Poursuite des grèves et des blocages d’universités dans l'Ouest
Les étudiants de plusieurs universités de l'Ouest ont voté ou reconduit lundi des actions de grève et de blocage pour réclamer notamment le retrait des décrets sur les enseignants chercheurs et la loi LRU (autonomie des universités). A Rennes 2 (Lettres et sciences humaines), le mouvement de grève avec blocage et occupation des locaux a été reconduit à une très large majorité, à l'issue d'une assemblée générale réunissant plus d'un millier d'étudiants. Le mouvement, qui paralyse l'université, avait été entamé le 9 février. Dans la matinée, des professeurs et personnels de l'établissement ont voté un mouvement de grève reconductible jusqu'à jeudi contre les décrets sur les enseignants chercheurs, la "masterisation" de la formation des enseignants et le projet de réforme des concours, selon Yves Bonny, professeur de sociologie à Rennes 2. A Nantes, plus de 2.000 étudiants ont voté la poursuite du blocus jusqu'à lundi prochain. Au Mans, une assemblée générale d'étudiants a également reconduit, à une très courte majorité, le blocage de l'université. L'université d'Angers était pour sa part partiellement bloquée jusqu'à mardi, date d'une prochaine AG.
(AFP)


Je souhaite bon courage a tous ces étudiants et personnels universitaires qui sont engagés dans ce mouvement!
Les temps sont durs et la défense de notre systeme éducatif devient de plus en plus difficile... diminution du personnel enseignant, personnel technique, locaux vieillissant de plus en plus, augmentation de la participation de l'état dans les écoles privées (meme si leurs résultats sont démontrés)... n'oublions pas les écoles maternelles avec le projet de suppression des 2 premieres années, le projet d'augmentation des droits d'inscriptions a l'université a hauteur de 1500€, le doublement des heures de travail des enseignants chercheurs pour le meme salaire (travailler plus pour gagner plus et moi je m'augmente mon salaire de président de 60% car je le vaux bien! lol)... Les promesses faites aux usines de métallurgie/sidérurgie du nord-est de la france avec une stele "le président sarkozy vous a entendu" mais si il vous a écouté on ne sait, si il vous aidera houla on a deja un déficit budgetaire de 4.4% pour 2008 alors... on va supprimer (idée) la taxe professionnelle (on s'enfout cela ne rentre pas dans les caisses de l'état mais dans celle des communes), les mairies improviseront! bref on allege les charges des entreprises (les petites je comprends mais les grosses boites comme peugeot qui ont affichés 8 ans de bénefices et suite a une année de perte, elles licencient a outrance??? qu'est ce qui se passe? on est tous des moutons? on doit obéir? se laisser rattraper par nos factures, loyer, etc.
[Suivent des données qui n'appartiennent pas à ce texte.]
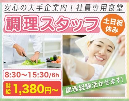 職種/仕事内容 | 仕事内容 \働く方に楽しい食事を/ 安心の大手企業内!社員専用食堂♪ 【勤務地】通勤も楽々♪ ◆東急各線/二子玉川駅歩2分 (世田谷区玉川二丁目) ★★同条件で下記も募集★★ 東急各線/三軒茶屋駅近く♪ ◎調理スタッフさん募集! (調理経験等活かせます) <ここもポイント♪> 1日30~40食程度の調理! ★★定食1種類のみ★★ 【具体的には】 ・献立表に沿った昼食等の調理 (日替わり定食1種類) ・仕込み、盛付け、提供 ・簡単な事務作業など 【勤務時間・曜日】 8:30~15:30/休1h・実6h ★月~金曜/週5日(祝休み) ◆ゆとりの勤務も人気! (月収/18万2160円以上可) 【休日・休暇】 完全週休2日制(土・日・祝) GW・年末年始・他企業カレンダー ★年間休日120日以上でオフも充実♪ (お子様のいらっしゃる方にも大好評) 【社員食堂で働くメリット】 ✅働き易く安定した勤務時間♪ 社員食堂は企業の営業時間等に合わせて運営されており、中でも平日のランチタイムが中心です♪ ✅お客様は常連(社員やスタッフさん等) 社員食堂のお客様はその企業で働く社員やスタッフさんがほとんどなので、とてもアットホームな環境です♪笑顔いっぱいの「美味しかったよ~」「ごちそうさま」も大きなやりがいです♪ ✅嬉しい食事補助(美味しい賄い)♪ 昼食代節約&お弁当の手間も不要♪ ✅ご家庭での調理にも役立つスキル 調理方法や衛生管理の知識もゲット! ✅他、飲食業等とは異なる休日♪ 各企業等の休日と合わせる社員食堂がほとんどなので、土・日・祝日やGW・年末年始休暇もあるのが特徴です。 【当社概要】 ・企業事業所給食/首都圏約200店舗! ・ISO14001取得 |
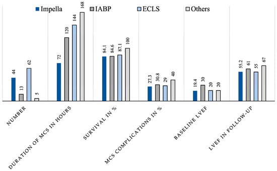 It should be emphasised that there was no significant difference in baseline LVEF across the various MCS groups. With a p value of 0.015, a significant result was found when comparing the median baseline LVEF values between the groups; however, a pairwise comparison showed that this significance existed only between IABP and the Impella as well as IABP and ECLS. The median values of baseline LVEF between the Impella and ECLS, however, did not differ significantly (p: 0.665).
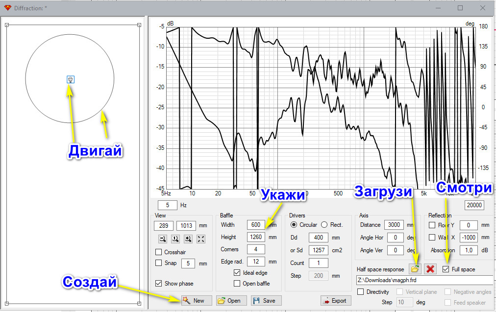 Я умышленно пропускаю момент с пришиванием отдачи от трубы ФИ или лабиринта. Если посмотришь видео, то в конце будет немного о работе со спектроанализатором. В нем можешь посмотреть отдачу порта в ближней зоне и с помещением в дальней, с метра.
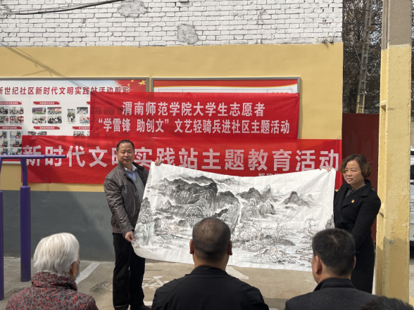3月19日,学校党委副书记汪勇在校团委书记赵琦,副书记刘娟宁、潘涛的陪同下,深入社区“文艺轻骑兵”演出一线,现场指导并看望大学生志愿者,为社区居民赠送了由best365美术学院师生创作的书画作品,演出现场不断传来热烈掌声和欢呼声。
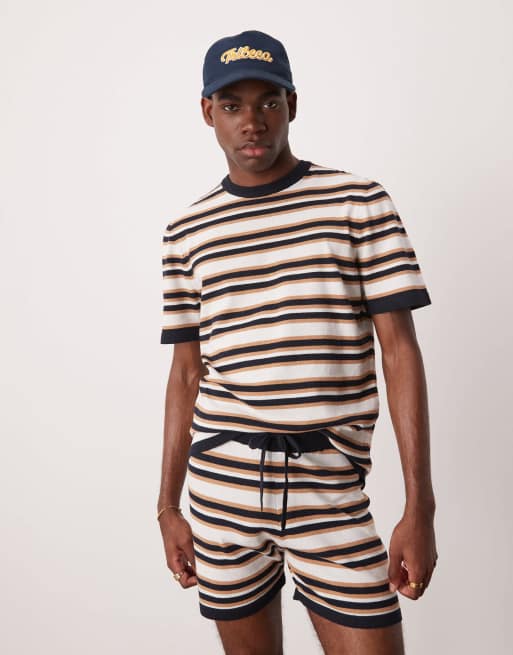 ASOS DESIGN - Strikket T-shirt med striber - Del af sæt
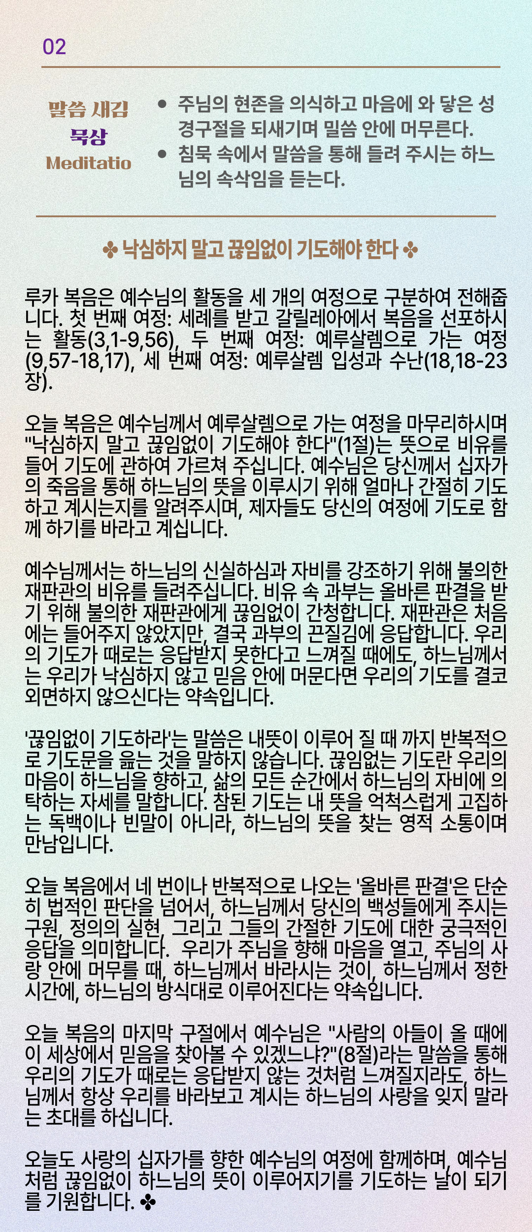 말씀묵상기도 LECTIO DIVINA [252] 20251115 연중 제32주간 토요일
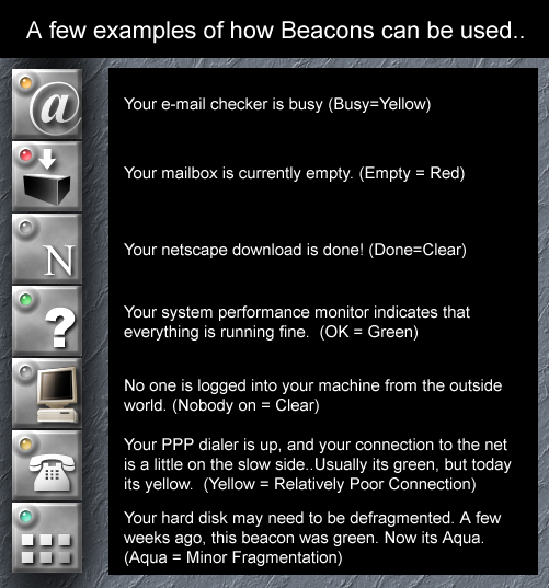 Beacons make the task of babysitting multiple applications a breeze. An entire 3-D rendering package could be collapsed down to a single beacon—one that will turn green when the rendering of a scene was complete, for example. There is no longer any need to continually pop the application back open to see what is going on.
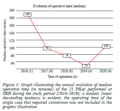 We report on the first 22 PRAs performed by two surgeons at TBH. The aims were to elucidate this approach's applicability, outcomes and safety, and reflect on the learning curve in terms of operative time.
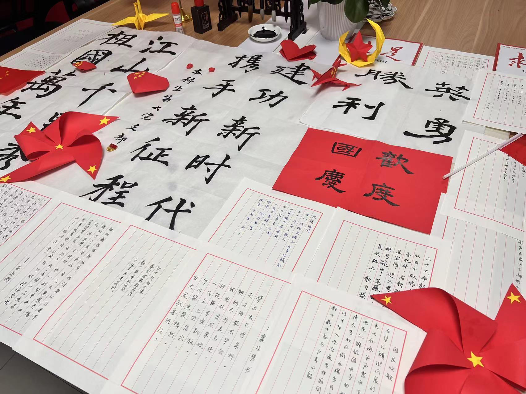 挥毫提笔,书浓墨重彩华夏历史;字字琢磨,思博大精深中国文化。在活动中,支部全体党员通过书法作品感悟红色精神、书写时代新貌,抒发大家对祖国浓浓的热爱和美好的祝愿,恭祝祖国母亲又一年新生。

Il faut bouger pour nous et pour le futur de nos enfants. On peut réformer notre pays oui! mais une réforme en concertation et avec l'accord de la majorité du peuple! on élit pas un président et son bureau pour nous diriger les yeux fermés MAIS pour nous écouter, proposer des réformes et les modifier si la majorité du peuple n'est pas d'accord... il y a du travail MAIS arretons les discours démagogiques du président qui "ment" comme jamais, arrange SA vérité pour nous désunir et mettre un de ses proches a la tete de la future banque (banque po + caisse d'épargne), ne voyez vous pas qu'un nouvelle forme de noblesse/aristocratie se forme dans ce pays depuis pres de 10ans... Avez vous entendu la gauche le contester? je ne suis pas pour le communisme... mais pour la république démocratique telle que nos peres fondateurs l'ont imaginé juste, fraternelle et égalitaire.Tous ensemble nous pouvons le faire!
Rédigé par : Seb de Nimes | 24/02/2009 à 08:35
Il faut savoir raison garder et éviter de sombrer dans la paranoïa. A l'heure actuelle, les principaux points de litiges de la réforme ont été levés. S'obstiner, c'est s'enfermer dans une logique de régression qui ne serait que dommageable pour l'université toute entière. Comme je l'expliquais dans un autre blog de ce journal, j'ai déjà eu l'occasion de faire partie d'un comité de sélection nouvelle formule et il est INDENIABLE que cela fonctionne mieux que les anciennes commissions de spécialistes qui favorisaient le localisme et le népotisme. Ne jetons donc pas le bébé avec l'eau du bain : il y avait des choses à faire préciser dans la nouvelle réforme, j'en conviens, mais la LRU en soi est un progrès pour l'organisation et la qualité des universités.